RAW DATA →
☆ ☆ ☆ ☆ ☆ ☆ ☆
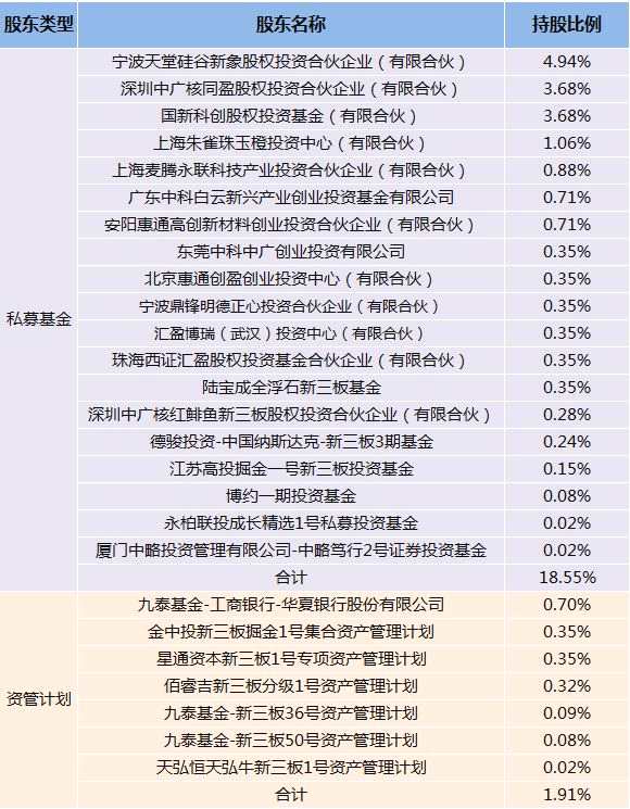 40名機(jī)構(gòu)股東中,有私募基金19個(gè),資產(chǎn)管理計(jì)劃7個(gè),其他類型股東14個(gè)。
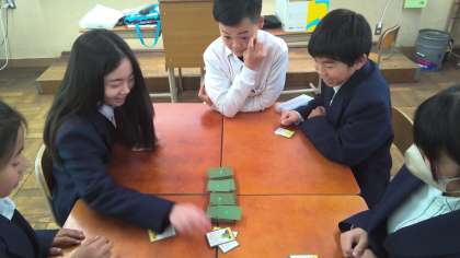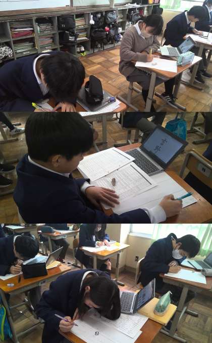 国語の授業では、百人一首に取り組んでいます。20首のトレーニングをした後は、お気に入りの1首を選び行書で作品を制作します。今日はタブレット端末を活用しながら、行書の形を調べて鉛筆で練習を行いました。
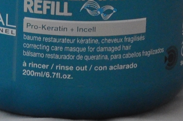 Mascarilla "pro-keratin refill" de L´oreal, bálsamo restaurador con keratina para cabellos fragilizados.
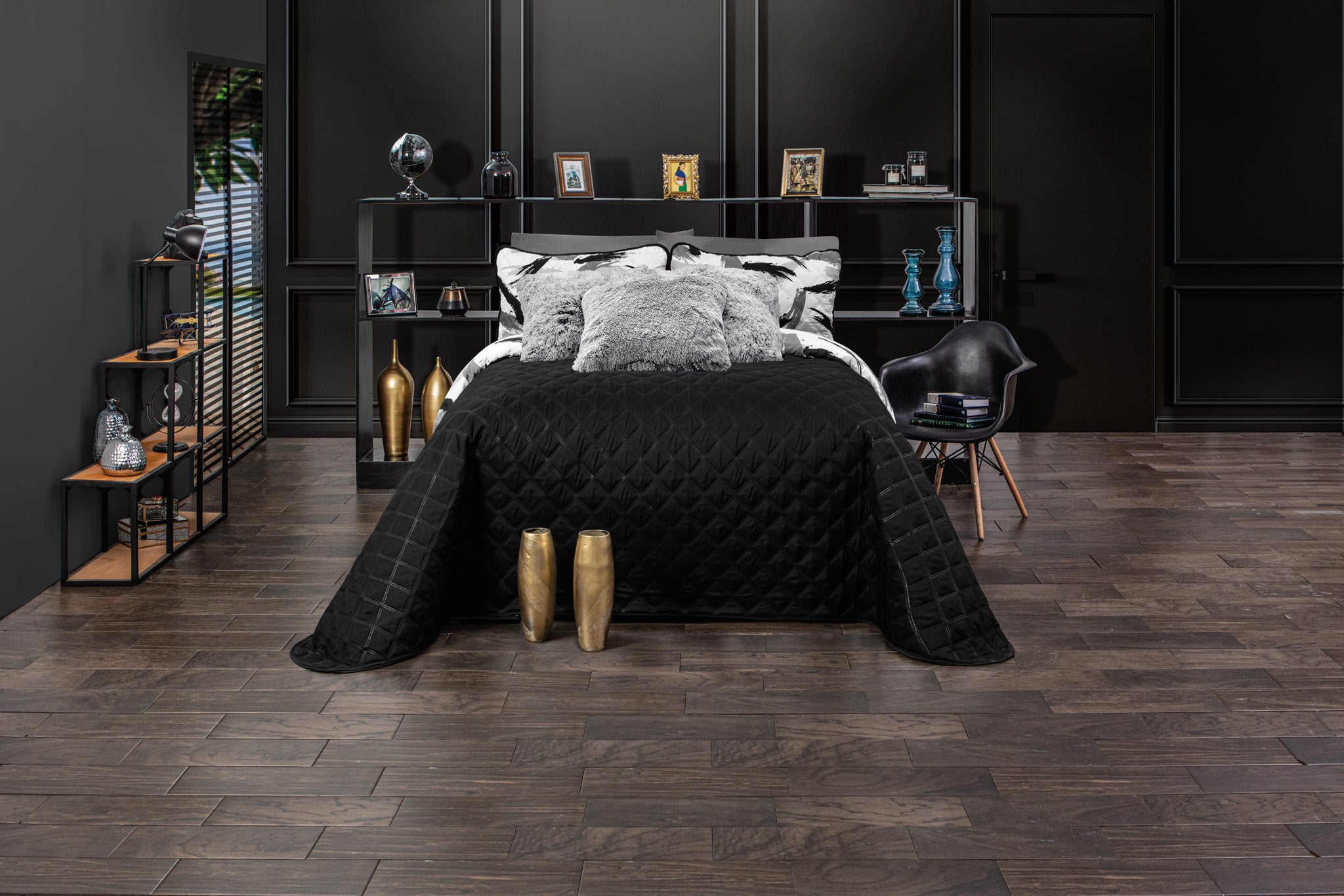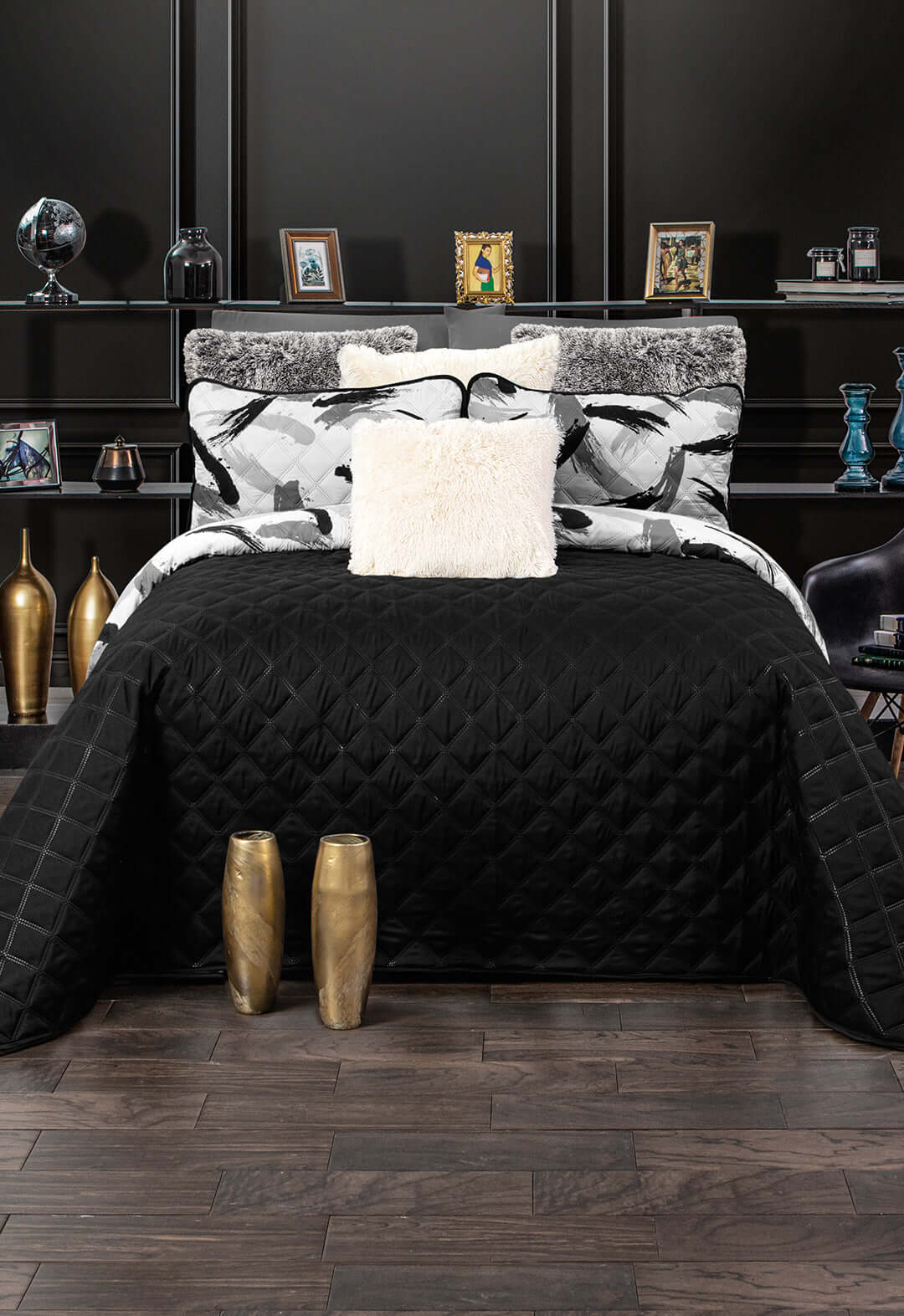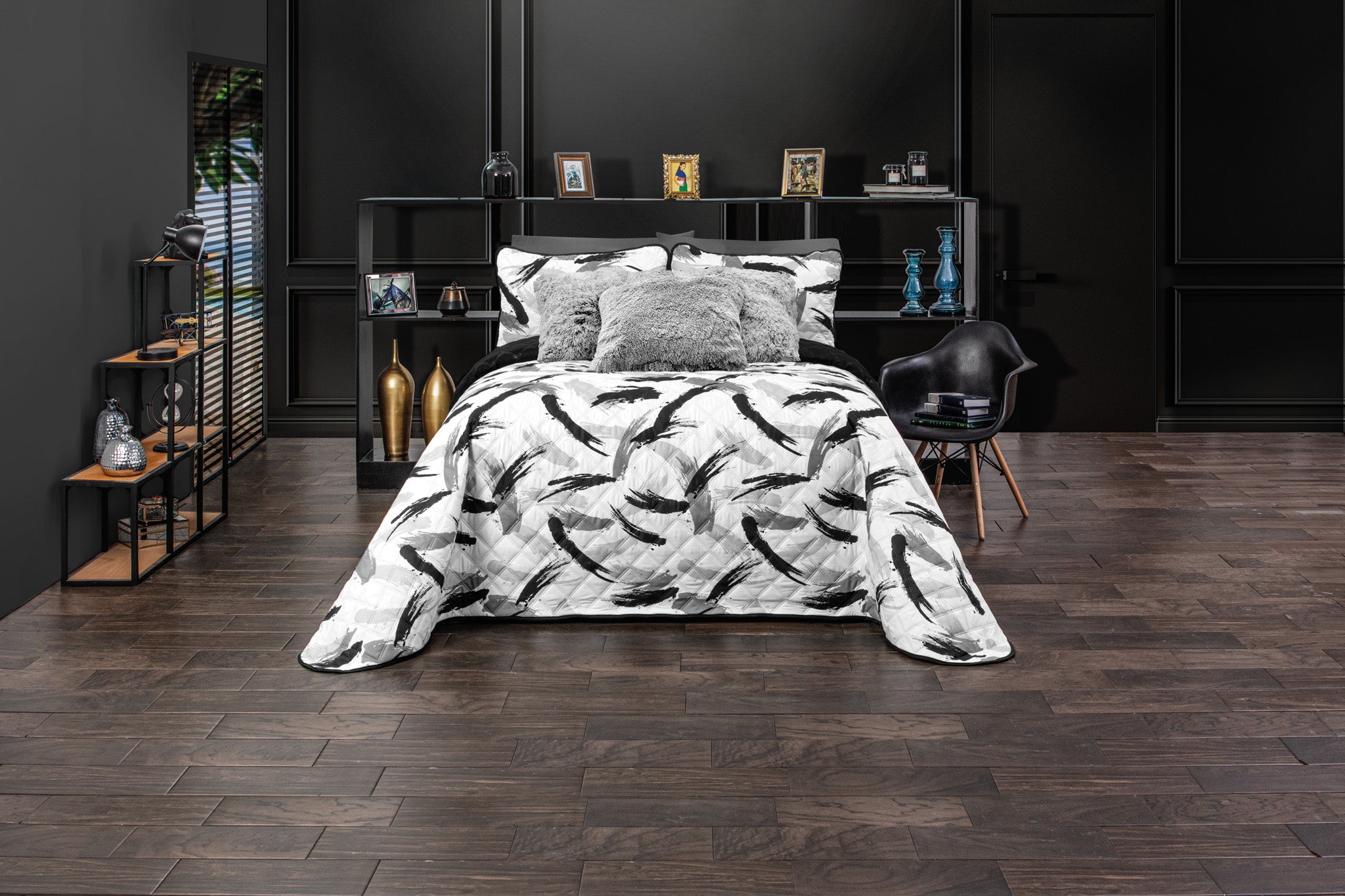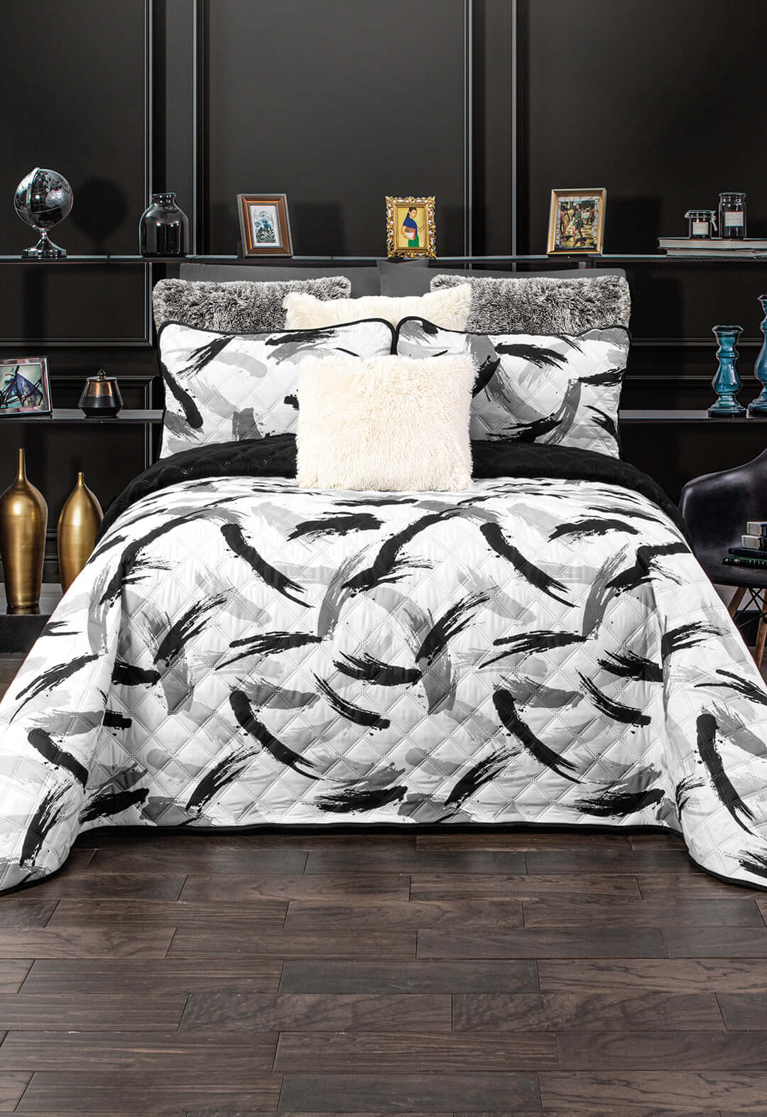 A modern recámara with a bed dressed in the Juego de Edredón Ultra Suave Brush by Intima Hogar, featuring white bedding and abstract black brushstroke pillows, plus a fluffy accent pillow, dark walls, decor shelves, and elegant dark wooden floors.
☆ ☆ ☆ ☆ ☆ ☆ ☆
WORK TASK →
Once more, please print all the lines above exactly, without their pictures.

ANSWER BOX →
 40名機(jī)構(gòu)股東中,有私募基金19個(gè),資產(chǎn)管理計(jì)劃7個(gè),其他類型股東14個(gè)。
 国語の授業では、百人一首に取り組んでいます。20首のトレーニングをした後は、お気に入りの1首を選び行書で作品を制作します。今日はタブレット端末を活用しながら、行書の形を調べて鉛筆で練習を行いました。
 Mascarilla "pro-keratin refill" de L´oreal, bálsamo restaurador con keratina para cabellos fragilizados.
 A modern recámara with a bed dressed in the Juego de Edredón Ultra Suave Brush by Intima Hogar, featuring white bedding and abstract black brushstroke pillows, plus a fluffy accent pillow, dark walls, decor shelves, and elegant dark wooden floors.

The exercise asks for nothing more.